TASK DIRECTIONS:
Print the entries exactly; no image belongs in the copy.

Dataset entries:
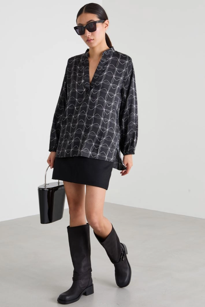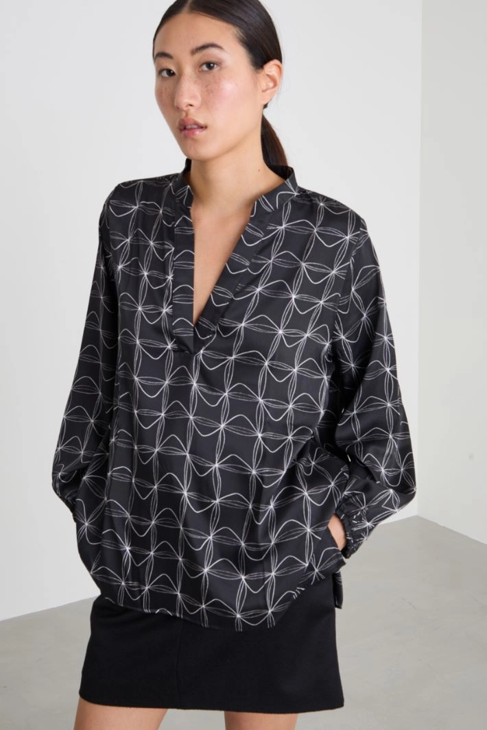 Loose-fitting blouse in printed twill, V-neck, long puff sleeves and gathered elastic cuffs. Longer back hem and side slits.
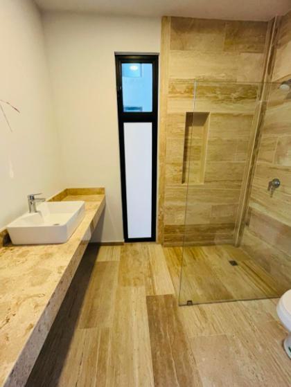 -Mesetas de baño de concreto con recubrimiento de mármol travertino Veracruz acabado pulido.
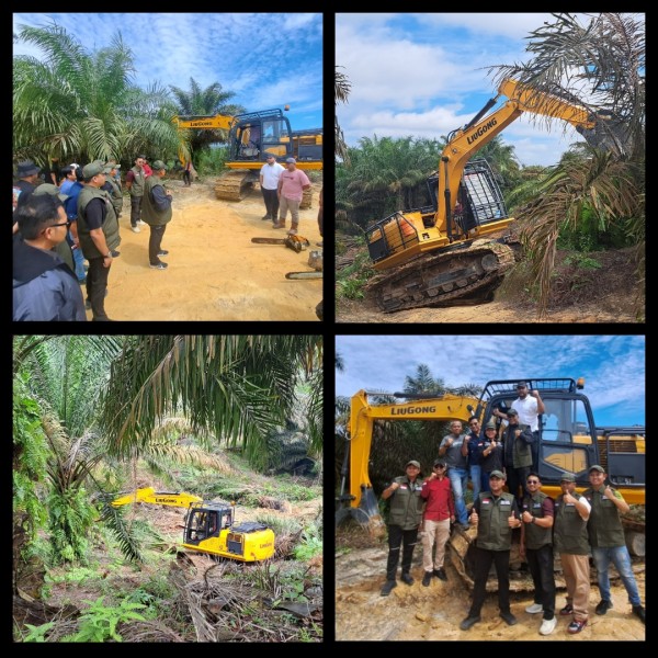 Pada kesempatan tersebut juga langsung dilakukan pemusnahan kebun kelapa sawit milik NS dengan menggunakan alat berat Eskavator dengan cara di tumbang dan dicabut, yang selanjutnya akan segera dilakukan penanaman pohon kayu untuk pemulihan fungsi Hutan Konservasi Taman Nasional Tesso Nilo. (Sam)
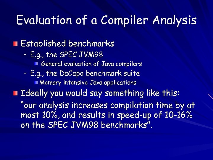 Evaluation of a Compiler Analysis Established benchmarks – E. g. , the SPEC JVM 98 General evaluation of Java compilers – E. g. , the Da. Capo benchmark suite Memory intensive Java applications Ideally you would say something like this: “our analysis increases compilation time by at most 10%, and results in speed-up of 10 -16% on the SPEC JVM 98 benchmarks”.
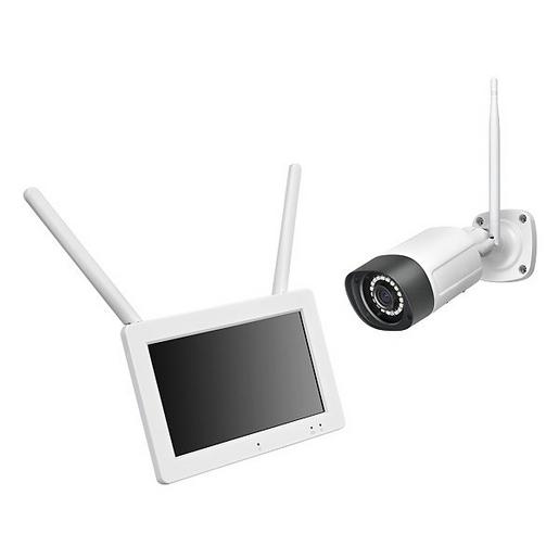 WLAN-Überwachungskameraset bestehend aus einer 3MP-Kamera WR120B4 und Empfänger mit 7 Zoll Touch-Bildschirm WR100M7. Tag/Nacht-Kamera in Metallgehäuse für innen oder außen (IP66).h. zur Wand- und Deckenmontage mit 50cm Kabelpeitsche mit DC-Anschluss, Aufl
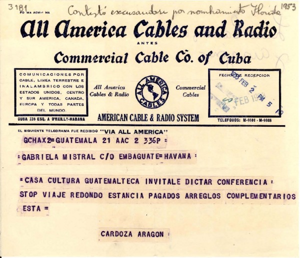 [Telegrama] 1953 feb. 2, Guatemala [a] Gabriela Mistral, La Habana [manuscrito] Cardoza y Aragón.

EXPECTED OUTPUT:
 Loose-fitting blouse in printed twill, V-neck, long puff sleeves and gathered elastic cuffs. Longer back hem and side slits.
 -Mesetas de baño de concreto con recubrimiento de mármol travertino Veracruz acabado pulido.
 Pada kesempatan tersebut juga langsung dilakukan pemusnahan kebun kelapa sawit milik NS dengan menggunakan alat berat Eskavator dengan cara di tumbang dan dicabut, yang selanjutnya akan segera dilakukan penanaman pohon kayu untuk pemulihan fungsi Hutan Konservasi Taman Nasional Tesso Nilo. (Sam)
 Evaluation of a Compiler Analysis Established benchmarks – E. g. , the SPEC JVM 98 General evaluation of Java compilers – E. g. , the Da. Capo benchmark suite Memory intensive Java applications Ideally you would say something like this: “our analysis increases compilation time by at most 10%, and results in speed-up of 10 -16% on the SPEC JVM 98 benchmarks”.
 WLAN-Überwachungskameraset bestehend aus einer 3MP-Kamera WR120B4 und Empfänger mit 7 Zoll Touch-Bildschirm WR100M7. Tag/Nacht-Kamera in Metallgehäuse für innen oder außen (IP66).h. zur Wand- und Deckenmontage mit 50cm Kabelpeitsche mit DC-Anschluss, Aufl
 [Telegrama] 1953 feb. 2, Guatemala [a] Gabriela Mistral, La Habana [manuscrito] Cardoza y Aragón.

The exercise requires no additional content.